Euro Profs’ Bombshell: Trump Will Win

It will be close, but a pair of professors in France and Switzerland say Trump will win in November

It will be close, but a pair of professors in France and Switzerland say Trump will win in November

Donald Trump should win the presidency in November, according to a forecast developed by business school professors in France and Switzerland.

Philippe Jacquart, associate professor of organization behavior in the Management, Law, and Resources Department at EMLYON Business School, and John Antonakis, professor of organizational behavior at the Faculty of Business and Economics of the University of Lausanne, analyzed data from the last 100 years of U.S. presidential elections and concluded that given the state of the economy and a slight charismatic edge, Trump will triumph over Hillary Clinton when voters go to the polls Nov. 8.

“Donald Trump is quite populist and markedly different from candidates we’ve had in the past, and so it’ unclear exactly how it’s going to play out,” Jacquart tells Poets&Quants. “But the broader picture is really pointing to a Republican victory.”


Philippe Jacquart

Philippe Jacquart

Jacquart and Antonakis looked at elections going back to 1916, when Democrat Woodrow Wilson won re-election by defeating Republican Charles Hughes. For that and most other contests, the key measurement to determine who would win an election was economic data.

“People basically base their votes on the extent to which they think the economy is doing well,” Jacquart says. “To the extent that the economic indicators are favorable, they will simply vote for the same party of the incumbent. If not, they choose to punish the party in power and vote for the challenger or challenging party.”

Of course, if that were the only issue, the professors’ model would have leaned in Clinton’s direction. After all, on virtually every economic metric, the country is better off than it was when President Obama took office in the midst of the deepest recession since the Great Recession. Only this week, household income in the U.S. surged 5.2%, the first gain since 2007. But there’s more to it than that.

“We looked at the different economic indicators,” he continues, “and we looked also at some aspects of incumbency, the idea being that it is somewhat of an advantage. On the other hand, if your party has been in power for a number of terms, people might simply be tired and want a change. The state of the economy should derive some hard evidence of how competent the incumbent party or candidate is, and therefore this should be the first thing the voters turn to.”
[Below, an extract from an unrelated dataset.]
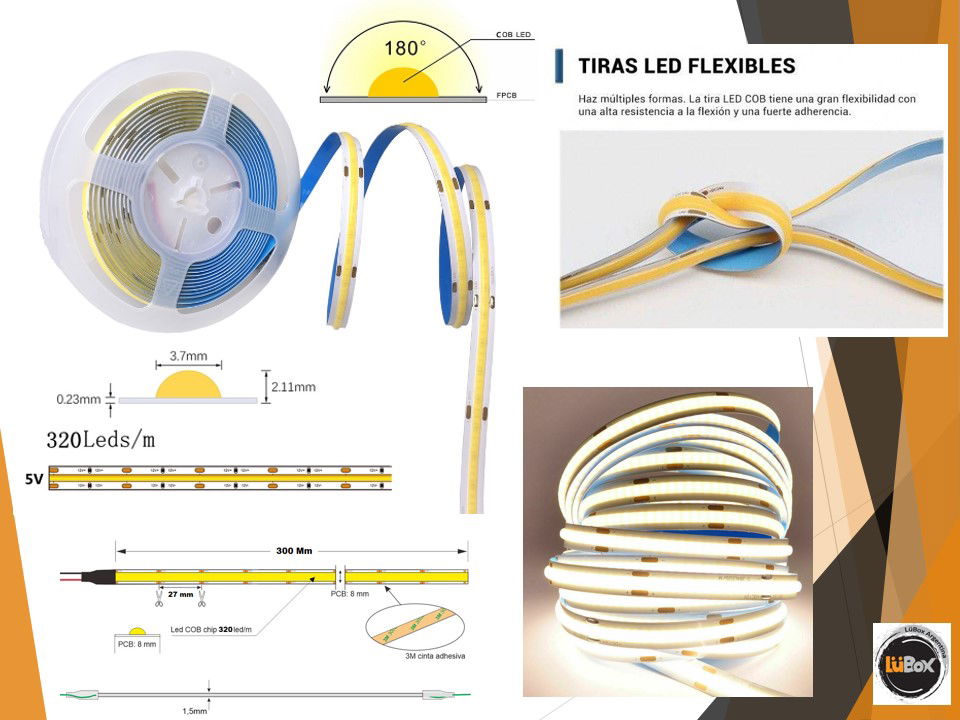 Kit Tira led COB 8mm C/Interruptor USB 5v 3 metros M-Led

However, Jacquart and Antonakis found that when the state of the economy is unclear — which it how it is perceived by many Americans in 2016, despite all the economic indicators showing improvement in employment and wages — superior charisma gives a candidate the edge. Jimmy Fallon’s hair tousling last night put an exclamation point on that issue for Trump.

To measure the charisma of candidates, Jacquart and Antonakis studied newspaper clippings, journal entries, convention speeches, and other evidence. “In the lab we have a number of studies that show that certain uses of rhetoric are predictive of perceptions of charisma,” Jacquart says. “For example, people who use metaphors are perceived to be more charismatic than those who do not use metaphors. Metaphors, lists, stories, anecdotes, repetition, contrast — there is evidence that communicating high and ambitious goals, creating confidence that these goals can be achieved, expressing the sentiment of the greater collective, these things are all tied with perceptions of charisma.”
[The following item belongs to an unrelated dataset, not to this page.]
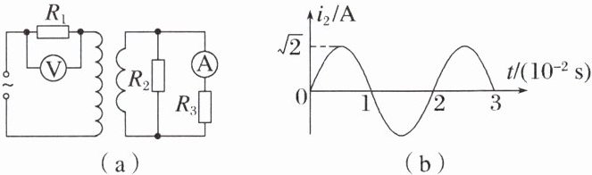 在如图(a)所示的交流电路中,电源电压的有效值为 220 V,理想变压器原、副线圈的匝数比为$10:1$,$R_{1}$、$R_{2}$、$R_{3}$均为固定电阻,$R_{2}=10\ \Omega$,$R_{3}=20\ \Omega$,各电表均为理想电表。已知电阻$R_{2}$中电流$i_{2}$随时间$t$变化的正弦曲线如图(b)所示。下列说法正确的是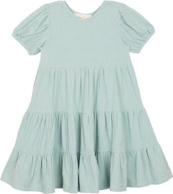This girls' dress in soft sage green features a delicate textured pattern and a flowy tiered skirt for graceful movement. Designed with puff sleeves and a V-neckline, it blends elegance with everyday comfort. The lightweight fabric ensures breathability, making it a perfect choice for special occasions or casual outings.

Jacquart and Antonakis had two graduate students score 48 candidate convention acceptance speeches at the sentence level for the presence or absence of such charismatic items, then assigned a score to each candidate. For 2016, the professors initially assigned a higher charisma score to Clinton; they later revised their assessment and “if anything, there’s a slight advantage for Trump,” Jacquart says. In any case, he says, perceptions of a sluggish economy will likely outweigh considerations of charisma this year.

“The econometric models are all predicting a Republican victory,” Jacquart says. “Other models that only focus, for example, on expert judgment, these are predicting a Democratic victory. So the economy favors Trump, and charisma shouldn’t matter as much given the state of the economy, but if anything it favors Trump, too.”


Using both the economy and charisma as measurements, Jacquart and Antonakis have been able to accurately align their model with the outcome of 21 of 24 elections. (They missed 1960, Kennedy over Nixon; 1968, Nixon over Hubert Humphrey; and 1992, Bill Clinton over George H.W. Bush.) That was an improvement over the 17 of 24 they got right using only the economy as a guide.

But don’t bet the farm on Trump just yet. As Jacquart concedes, given both candidate’s unique characteristics — Clinton being the first female candidate, and “Trump being Donald Trump” — it is still an extremely difficult election to call.

All indicators point toward a clear Trump win, Jacquart says. But then again, anything can happen.

“The results we have here suggest that if the Republicans don’t win the presidency, they will have Trump to blame for it,” Jacquart says.